Friday 20 February 2015

Reading Edward Thomas aloud to an unsuspecting audience





I have a terrible memory, and it's this more than anything else that means I'll never be an actor. How on earth do they learn all those lines?

It's not for lack of trying that I can't remember lines - tonight I'm reading Edward Thomas's poem, 'As the team's head-brass', between a couple of scenes in our community play, and I've really made a go of learning it by heart.

I read it aloud in bed. I marched across the fields reciting it. I pinned it up in the kitchen so I could keep checking it.

No good. I learned the first stanza, but moving onto the second, I could feel those first hard-won lines falling out of my head again. So I'll be reading from the page.

But my attempts at learning the poem by heart have paid off.
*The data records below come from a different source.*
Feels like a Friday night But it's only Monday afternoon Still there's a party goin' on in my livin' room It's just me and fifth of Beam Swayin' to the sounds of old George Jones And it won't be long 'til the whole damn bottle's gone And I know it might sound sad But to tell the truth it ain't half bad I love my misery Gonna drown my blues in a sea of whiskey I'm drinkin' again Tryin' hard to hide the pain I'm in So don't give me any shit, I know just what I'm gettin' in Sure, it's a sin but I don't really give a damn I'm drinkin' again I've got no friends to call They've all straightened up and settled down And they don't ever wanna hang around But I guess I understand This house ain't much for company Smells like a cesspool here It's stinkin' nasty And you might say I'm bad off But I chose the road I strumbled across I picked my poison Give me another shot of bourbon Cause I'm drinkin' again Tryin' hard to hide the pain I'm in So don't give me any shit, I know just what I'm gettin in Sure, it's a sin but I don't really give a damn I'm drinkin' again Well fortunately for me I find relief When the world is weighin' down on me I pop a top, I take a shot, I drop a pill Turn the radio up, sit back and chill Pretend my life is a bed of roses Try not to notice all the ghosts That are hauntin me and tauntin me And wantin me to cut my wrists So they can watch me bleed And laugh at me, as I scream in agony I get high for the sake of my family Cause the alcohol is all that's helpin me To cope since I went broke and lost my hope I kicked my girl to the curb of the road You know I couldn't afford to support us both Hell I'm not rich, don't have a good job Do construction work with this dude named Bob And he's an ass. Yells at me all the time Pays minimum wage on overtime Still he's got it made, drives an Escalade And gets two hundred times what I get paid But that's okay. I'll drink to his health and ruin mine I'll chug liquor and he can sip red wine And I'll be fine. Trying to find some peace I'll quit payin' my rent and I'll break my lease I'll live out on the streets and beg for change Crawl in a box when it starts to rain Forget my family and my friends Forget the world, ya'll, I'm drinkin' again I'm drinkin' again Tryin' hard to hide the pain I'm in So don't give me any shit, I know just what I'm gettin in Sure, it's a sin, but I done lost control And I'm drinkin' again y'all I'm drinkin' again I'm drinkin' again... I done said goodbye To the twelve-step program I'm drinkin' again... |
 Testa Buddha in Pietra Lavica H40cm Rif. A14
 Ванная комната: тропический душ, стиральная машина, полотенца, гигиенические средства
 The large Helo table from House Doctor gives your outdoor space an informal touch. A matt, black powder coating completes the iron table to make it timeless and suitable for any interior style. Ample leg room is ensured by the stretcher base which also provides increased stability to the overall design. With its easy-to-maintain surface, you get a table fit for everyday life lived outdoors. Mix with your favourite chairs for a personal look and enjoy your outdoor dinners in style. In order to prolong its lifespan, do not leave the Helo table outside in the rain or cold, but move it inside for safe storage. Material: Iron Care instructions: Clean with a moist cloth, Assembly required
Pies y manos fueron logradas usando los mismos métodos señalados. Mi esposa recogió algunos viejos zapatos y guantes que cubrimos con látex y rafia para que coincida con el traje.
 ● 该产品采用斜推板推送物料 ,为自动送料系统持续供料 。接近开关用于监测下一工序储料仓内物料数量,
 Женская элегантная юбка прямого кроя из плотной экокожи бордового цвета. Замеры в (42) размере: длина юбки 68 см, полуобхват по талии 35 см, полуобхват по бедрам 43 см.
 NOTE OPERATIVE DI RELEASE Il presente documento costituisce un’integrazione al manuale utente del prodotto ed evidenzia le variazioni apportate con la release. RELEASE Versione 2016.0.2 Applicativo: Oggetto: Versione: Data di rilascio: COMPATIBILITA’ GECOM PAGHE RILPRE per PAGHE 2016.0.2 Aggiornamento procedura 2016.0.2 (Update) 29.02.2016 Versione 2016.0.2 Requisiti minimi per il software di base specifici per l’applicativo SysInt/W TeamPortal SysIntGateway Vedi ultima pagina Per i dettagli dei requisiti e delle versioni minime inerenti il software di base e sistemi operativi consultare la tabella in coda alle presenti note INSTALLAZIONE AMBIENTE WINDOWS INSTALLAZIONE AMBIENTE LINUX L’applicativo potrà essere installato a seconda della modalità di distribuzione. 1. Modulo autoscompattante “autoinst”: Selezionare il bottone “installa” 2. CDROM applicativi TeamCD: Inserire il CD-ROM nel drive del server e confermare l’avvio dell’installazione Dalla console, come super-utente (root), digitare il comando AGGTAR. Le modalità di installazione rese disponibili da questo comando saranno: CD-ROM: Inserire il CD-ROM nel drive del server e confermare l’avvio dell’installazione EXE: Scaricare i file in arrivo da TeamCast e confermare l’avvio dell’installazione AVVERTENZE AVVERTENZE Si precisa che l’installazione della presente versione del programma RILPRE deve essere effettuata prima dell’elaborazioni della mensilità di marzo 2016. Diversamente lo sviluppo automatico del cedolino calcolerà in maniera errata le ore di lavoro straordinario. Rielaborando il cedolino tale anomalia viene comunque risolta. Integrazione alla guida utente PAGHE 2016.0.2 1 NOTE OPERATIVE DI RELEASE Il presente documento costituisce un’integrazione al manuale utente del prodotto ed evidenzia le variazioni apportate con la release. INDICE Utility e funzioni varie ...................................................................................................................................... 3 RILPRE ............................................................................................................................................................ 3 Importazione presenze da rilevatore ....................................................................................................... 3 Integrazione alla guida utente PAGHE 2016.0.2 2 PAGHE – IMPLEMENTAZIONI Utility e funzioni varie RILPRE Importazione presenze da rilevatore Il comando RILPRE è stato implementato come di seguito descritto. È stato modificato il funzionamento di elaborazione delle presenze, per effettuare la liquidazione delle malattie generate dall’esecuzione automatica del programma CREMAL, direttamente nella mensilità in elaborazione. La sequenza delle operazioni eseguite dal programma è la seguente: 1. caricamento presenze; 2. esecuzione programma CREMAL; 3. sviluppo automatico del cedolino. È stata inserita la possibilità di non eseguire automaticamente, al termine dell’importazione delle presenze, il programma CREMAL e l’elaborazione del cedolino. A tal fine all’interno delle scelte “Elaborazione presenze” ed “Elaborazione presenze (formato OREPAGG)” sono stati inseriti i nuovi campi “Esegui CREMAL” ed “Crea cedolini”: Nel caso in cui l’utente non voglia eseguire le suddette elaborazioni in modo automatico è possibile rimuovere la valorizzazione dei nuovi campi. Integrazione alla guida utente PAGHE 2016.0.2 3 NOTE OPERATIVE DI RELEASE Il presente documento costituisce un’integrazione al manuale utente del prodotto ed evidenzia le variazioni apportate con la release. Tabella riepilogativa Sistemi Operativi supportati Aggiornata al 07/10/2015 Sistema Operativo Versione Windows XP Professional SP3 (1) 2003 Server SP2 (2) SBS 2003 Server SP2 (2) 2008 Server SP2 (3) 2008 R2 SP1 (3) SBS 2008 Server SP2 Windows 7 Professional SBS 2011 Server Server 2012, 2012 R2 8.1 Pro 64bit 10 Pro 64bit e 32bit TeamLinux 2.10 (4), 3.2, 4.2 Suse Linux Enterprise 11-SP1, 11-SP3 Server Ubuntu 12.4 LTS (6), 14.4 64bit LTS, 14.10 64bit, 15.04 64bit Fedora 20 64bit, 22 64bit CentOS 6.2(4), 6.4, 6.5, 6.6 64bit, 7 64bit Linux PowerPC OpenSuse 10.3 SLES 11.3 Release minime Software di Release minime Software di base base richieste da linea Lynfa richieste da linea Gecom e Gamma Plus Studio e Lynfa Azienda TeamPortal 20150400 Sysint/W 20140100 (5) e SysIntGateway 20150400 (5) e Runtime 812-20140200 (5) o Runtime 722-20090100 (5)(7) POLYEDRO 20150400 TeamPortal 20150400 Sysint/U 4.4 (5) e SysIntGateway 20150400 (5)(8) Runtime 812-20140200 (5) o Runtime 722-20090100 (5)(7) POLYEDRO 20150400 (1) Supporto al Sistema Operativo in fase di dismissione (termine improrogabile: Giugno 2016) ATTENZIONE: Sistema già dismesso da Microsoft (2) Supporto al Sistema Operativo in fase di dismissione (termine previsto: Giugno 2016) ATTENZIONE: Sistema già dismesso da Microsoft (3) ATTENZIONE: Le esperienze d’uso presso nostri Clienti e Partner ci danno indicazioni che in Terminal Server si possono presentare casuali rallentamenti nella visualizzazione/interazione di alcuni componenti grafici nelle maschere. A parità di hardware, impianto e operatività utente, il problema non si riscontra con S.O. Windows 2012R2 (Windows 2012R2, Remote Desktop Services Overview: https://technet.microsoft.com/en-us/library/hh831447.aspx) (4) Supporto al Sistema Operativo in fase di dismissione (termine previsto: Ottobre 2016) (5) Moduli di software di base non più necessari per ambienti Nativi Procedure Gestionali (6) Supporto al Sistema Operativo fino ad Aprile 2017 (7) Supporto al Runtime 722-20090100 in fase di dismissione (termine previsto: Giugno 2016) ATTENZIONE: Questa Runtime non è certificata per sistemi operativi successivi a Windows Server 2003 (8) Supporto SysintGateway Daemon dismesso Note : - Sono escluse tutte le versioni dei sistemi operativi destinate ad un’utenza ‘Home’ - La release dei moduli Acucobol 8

I'm a lot more confident about reading it, of course, but I've also seen so much more in the poem that I just slid over when reading it to myself.

Reading aloud to an audience, especially an audience that most likely don't read poetry from choice, really makes you think hard about what every line means. I want everyone in the room to feel the beauty of the poem, to see Thomas's images, to hear his sadness at leaving England for the front, and his knowledge that this is a place he loves so much it's worth defending.

Reading it as I first heard it in my head, the audience would hear little of this - I'm a lazy reader, I've found, reading too fast. Even if I read a poem aloud to myself, I don't go over and over a line that puzzles me, I say it just well enough to move on, and then move on. You can't do this when you're reading to other people - you have to work it all out, word by word, line break by line break.

In one of my attempts to tell the poem aloud from memory, I completely missed out the second line, 'The lovers disappeared into the wood.' It's easy to miss: the poem still makes perfect sense without it. But by leaving it out, you lose a rare smile in Thomas's poetry - he's glad they're off to make love and that their urge for life is so strong and unaffected by the death around them. At the end of the poem, the lovers reappear in a matching single line, just as Thomas is saying farewell to the scene before him and perhaps to his own life, and this acknowledgement that life will carry on, whatever happens, both softens the sadness and makes it more poignant.

After the lovers return - and this is easy to miss too - Thomas says 'The horses started and for the last time/ I watched the clods crumble and topple over/After the ploughshare and the stumbling team.' Because Thomas's style appears so conversational, the words 'for the last time' don't jump out at you - but here they are, at the end of a line, three lines from the end of the poem, leading us into a description of the breaking of earth with metal. Thomas is a subtle poet. He doesn't need to tell us what he sees ahead - he prepares the land and sows the seed, and leaves it to us to understand in the silence that follows.